Originally posted by marcus
We have trolls come here with fringe views of what "mass" means that say different things but this is destructive because
it undermines the conventional common language.
On second read it seems, from our past conversations, that you think I'm one of these trolls? If so then you've misunderstood. When I see something I believe is incorrect I speak up - the fact that you repeat it all the time means I speak up all that time. That's not being a troll - that means I have a different opinion than you do and I state what I think.

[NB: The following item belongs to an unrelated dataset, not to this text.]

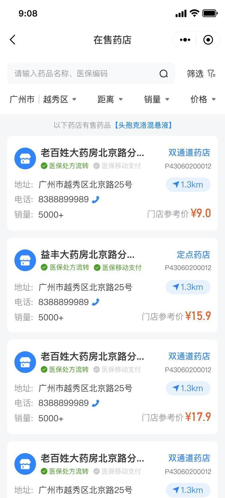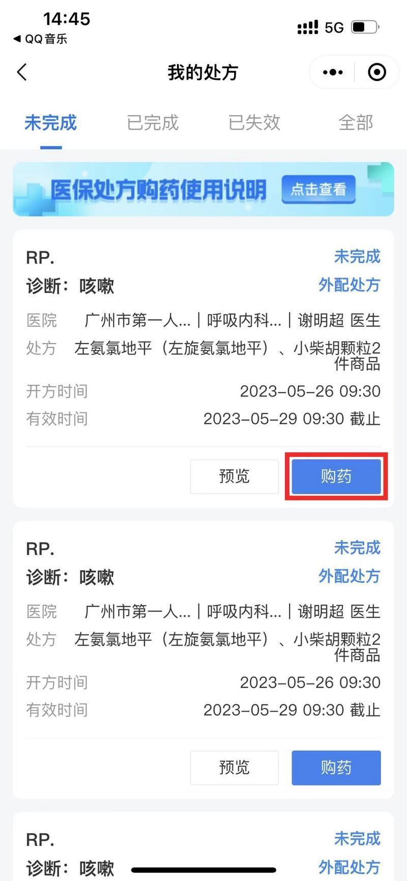 街坊们按广州医保规定选点就医时,如主诊医生因诊疗需要开具“双通道”药品外配处方的,可直接通过手机微信查找“粤医保”小程序,在线选取药店购买处方上的药品,通过“在线支付购药”途径线上支付药费并同步享受医保报销、药品配送到家服务。
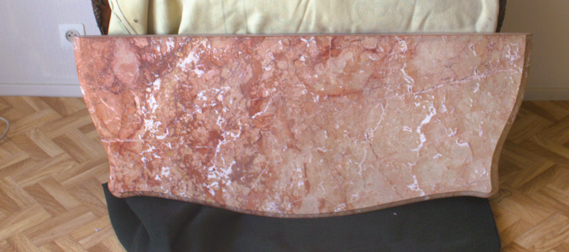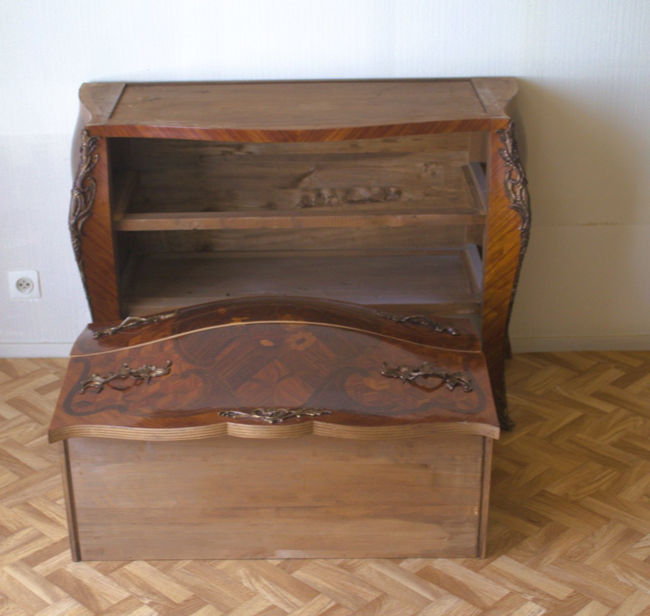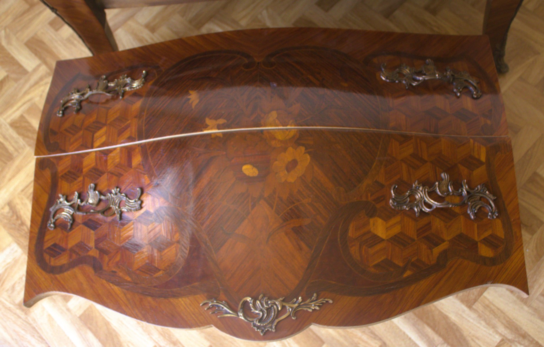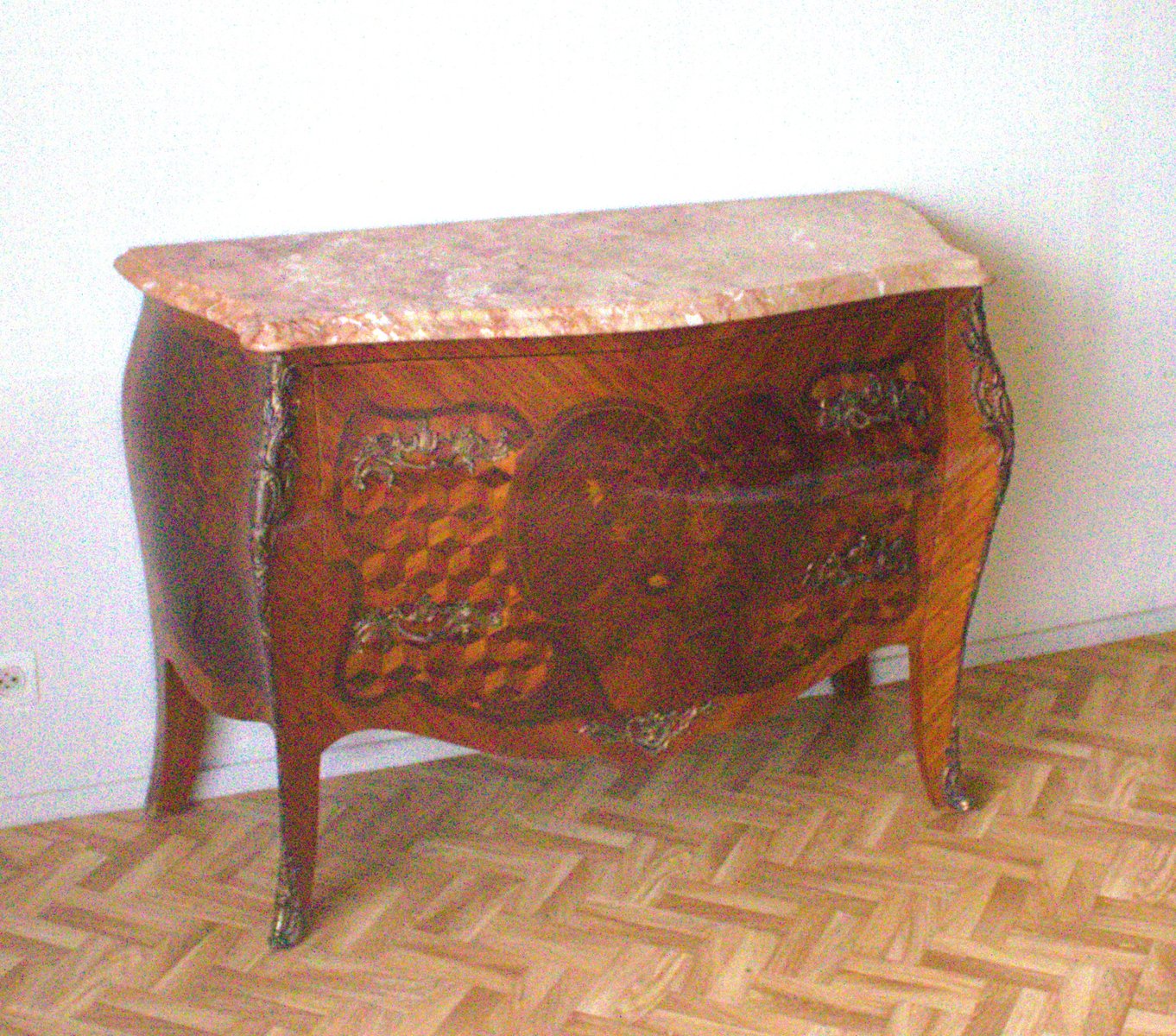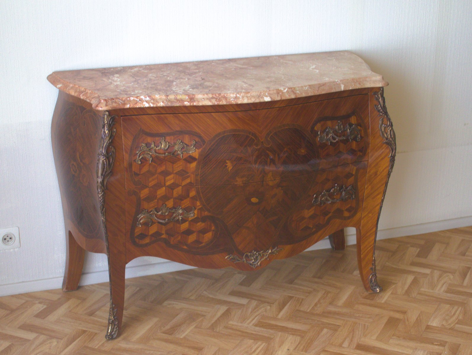 Französische Kommode im Louis Xv-Stil mit herzförmiger Intarsie und Marmorplatte

Comments like you post give the false impression that everyone who is a physicists does not use the term "mass" to refer to light. Well I'm a physicist and I do so there's one data point. But it was Einstein who proved this to be true - it has to be true for the "center of mass theorem" to hold true. That was the purpose of his 1906 paper in fact.
And your comment "fringe view" is quite wrong if you're referring to relativistic mass. This is something that can be found in most relativity textbooks in one form or another. MTW is a good example.
Let me give you a better example: Wolfgang Rindler is one of the more prominent authorities in relativity today. He published another book in 2001 called
"Relativity: Special, General and Cosmological," Rindler, Oxford Univ., Press, (2001)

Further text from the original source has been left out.